Голос её был хриплым и простуженным. А в доме как будто только и ждали этого голоса. Дверь моментально отворилась. Чьи-то руки крепко обняли её, а влажные щёки коснулись её лица.
— Мама, не надо! Вы опять плачете. Ведь я вернулась, успокойтесь, мамочка!
Высокая седая женщина подвела девушку к столу, сняла пальто и усадила. Затем подкрутила фитиль в керосиновой коптилке, и в маленькой избушке стало светло.
Мать, не отрываясь, смотрела в лицо дочери, гладила её волосы и тихо, беззвучно плакала. Вошедшая была молодой девушкой с большими серыми глазами. Лицо её было бледно, но на щеках играл яркий, нездоровый румянец. Девушка часто и сильно кашляла, судорожно хватаясь за грудь.
— Мамочка, не сердись, я ненадолго. На рассвете ты разбуди меня, и я пойду. Сегодня много ходила, многое узнала, есть ценные сведения, ребята ждут меня там.
— Опять, Оленька, к партизанам? — перебила её мать. — Не ходила бы, доченька, больна ты. Но ведь и здесь оставаться опасно. Вчера староста приходил с полицаями, тебя спрашивали. Всё в чулане перерыли, под пол лазали. Пригрозили: если дочка в партизанах, сожжём всё дотла...
Молча слушала Оля рассказ матери, потом обняла её крепко, как в детстве, и прижалась к груди.
Лишь под утро легли спать. Но заснуть Оля не могла, мешал страшный, разрывающий грудь кашель. Сильно болела голова, всё тело было налито свинцовой тяжестью. Она металась по постели, и мать улавливала бессвязные слова — Оля бредила.
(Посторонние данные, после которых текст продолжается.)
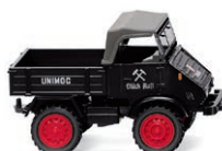
0870 67 Unimog U 411 Allrader im Bergbaueinsatz UVP 18,99 € · 1950-51

В маленькое окошко тихо вливался свет холодного зимнего утра. Ольга старалась вспомнить, где она, почему лежит в постели, чьё это лицо, такое знакомое, склонилось над ней. Ольга силилась подняться, но руки и ноги не слушались. Вокруг всё закружилось, поплыло. Застонав, она забылась в лихорадочном, кошмарном сне...
Молодые партизаны из отряда «Лазо», разведчицей которого была Оля Ржевская, делали своё дело. Каждый день под откос летели поезда, горели немецкие склады, падали сражённые меткими партизанскими пулями немецкие солдаты и офицеры.
Немцы свирепствовали в ярости: они уничтожали целые деревни, угоняли жителей. На рассвете 6 января такой карательный отряд вошёл и в деревню Оболоновец. Пьяные солдаты врывались в дома, выгоняли на мороз разутых, перепуганных людей. Уже пылало несколько хат, когда послышались тяжёлые удары в дверь маленького домика Ржевских.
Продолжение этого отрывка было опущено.